1. Majority of the questions are targeted toward the H1N1 vaccines which don't reflect too well if they were to take the seasonal vaccine. 
Since it is given seasonal, a patient may be more likely to opt out of taking it for a year. This is quite different from H1N1 vaccines which last longer and tend to be more dangerous than the seasonal flu. 
2. New generations and events may affect people's willingness to take the vaccines. 

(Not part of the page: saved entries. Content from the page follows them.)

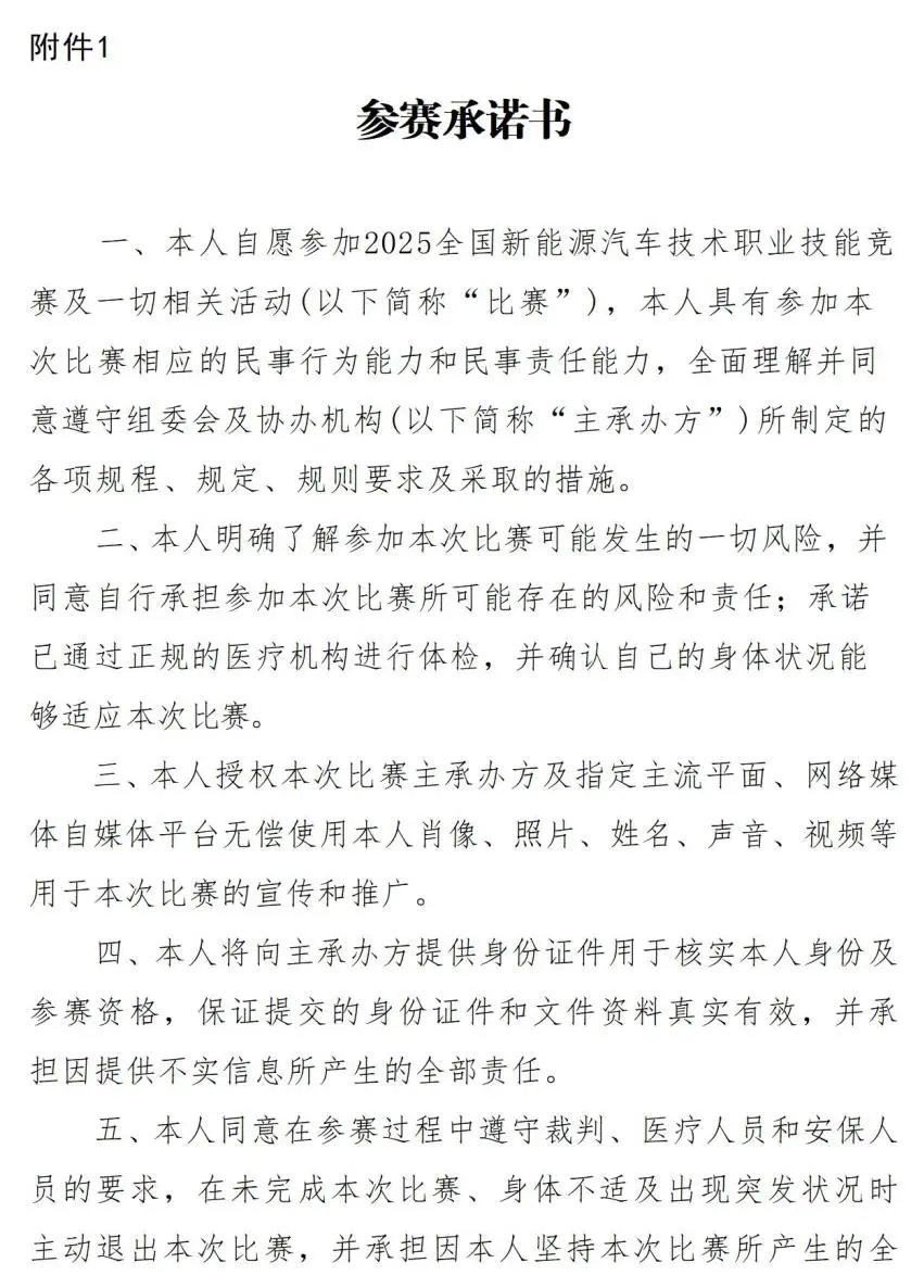 3. 各代表队和选手需填写《参赛承诺书》、《2025全国新能源汽车技术职业技能竞赛报名表》,并将签字盖章纸质版、电子版报大赛组委会进行资格确认,报名截止日期9月19日17:00。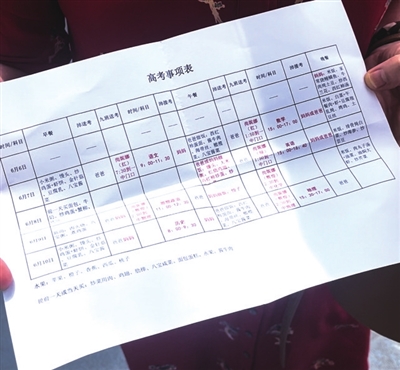 语文科目开考半个小时后,完成了班级送考任务的尚妮娜马不停蹄地赶往二中分校。尚妮娜从包里拿出提前打印好的高考日程表笑着说:“没有它我都不知道今年高考我该怎么安排。”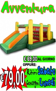L'AVVENTURA GIGANTE PER PICCOLI CORSARIVersione PRO in PVC rinforzato con due scivoli di diverse altezze e ampio salterello. Robusto e divertente! Richiede bagagliaio capiente. | |
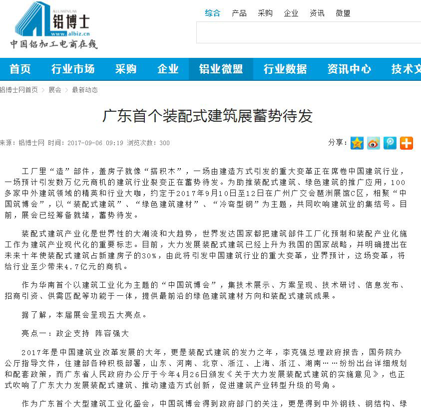 中國幕墻網(wǎng)發(fā)布有關(guān)2017中國筑博會·廣州開幕式的報道 (2017-10-30)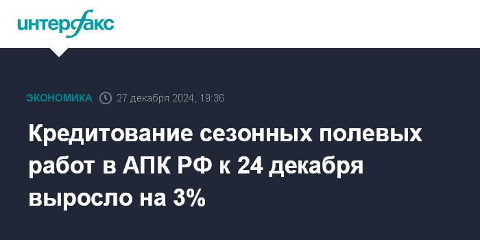 Кредитование сезонных полевых работ в АПК РФ к 24 декабря выросло на 3%

Covid-19 has had an impact on people's perception of vaccines, either good or bad. Along with other factors such as religion, people's opinions will change which can make the model ineffective if not updated for the new population. 

## Recommendations
1. Given time, I would recommend exploring different classification models and different combinations of parameters to improve the model. <br>
Ideally, an 80% would be preferred but not as needed since a medical center should have a range of vaccines supply to take into account situations such as new patients. 
2. Modified or targeted questions should be added to the survey. <br>
The survey was made asking primarily about the H1N1 virus and could be changed to adapt to the current state of the world such as covid-19.
3. Determine an adequate amount of spare vaccines to allocate from one center to another. <br>
Not all medical centers will have the same results and should be treated regionally to maximize the accuracy of the model.